In all SSDs, a Flash controller sits between one or multiple Hosts (i.e. CPUs) and NAND Flash memories, and on each side there are a lot of challenges that designers need to overcome. Moreover, a single controller can have multiple cores, with all the complexity associate with developing a multi-threaded firmware. This book is about how to make simulations of such a complex system, by providing insights on available tools and simulation strategies. As usual, speed and precision don’t go hand in hand and it is important to understand when to simulate what, and with which tool. Of course, being able to simulate SSD’s performances is mandatory to meet time-to-market, together with product cost and quality.
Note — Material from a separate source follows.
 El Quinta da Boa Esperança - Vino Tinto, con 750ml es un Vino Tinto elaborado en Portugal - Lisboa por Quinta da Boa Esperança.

In order to understand where the challenges are, let’s have a closer look at SSD’s architectures, by starting from the Host interface. The storage industry has been dominated by *Hard-Disk-Drives* (HDDs) for many decades. HDDs are a rotational media and their data throughput is constrained by the electro-mechanical limitations of the spinning plate and of the servo controllers: this is why HDD’s interface speed has remained constant for many years, mainly at 3Gb/s (SATA-II). On the contrary, SSDs don’t have mechanical moving parts and they can operate many Flash devices in parallel, thus allowing much higher data transfer rate. As a result, new interfaces have gained momentum in the market: SATA-III and SAS run at 6Gb/s, while PCIe Gen3 is already at 8Gb/s/lane, and PCIe Gen4 is on its way. Of course, there is a practical limit due to area and power, but designers can use parallelism and high speed interfaces to increase performances, and this is why SSD’s architectures with 16 or 32 Flash channels are not an exception anymore. When dealing with systems made of hundreds of memory die, queuing effect are not trivial and they strongly depend on the workload and on the scheduling of the data transfers coming from the Host. Transactions could be either sequential or random, and there could be a mixture of read and write operations (typical use cases are 25% read and 75% write, or vice versa). Especially with random traffic, when more requests hit the same NAND die at the same time, a request collision might occur; in other words, the second request in the queue needs to wait until the first one is serviced. This collision effect usually ends up being the root cause for an increased read latency.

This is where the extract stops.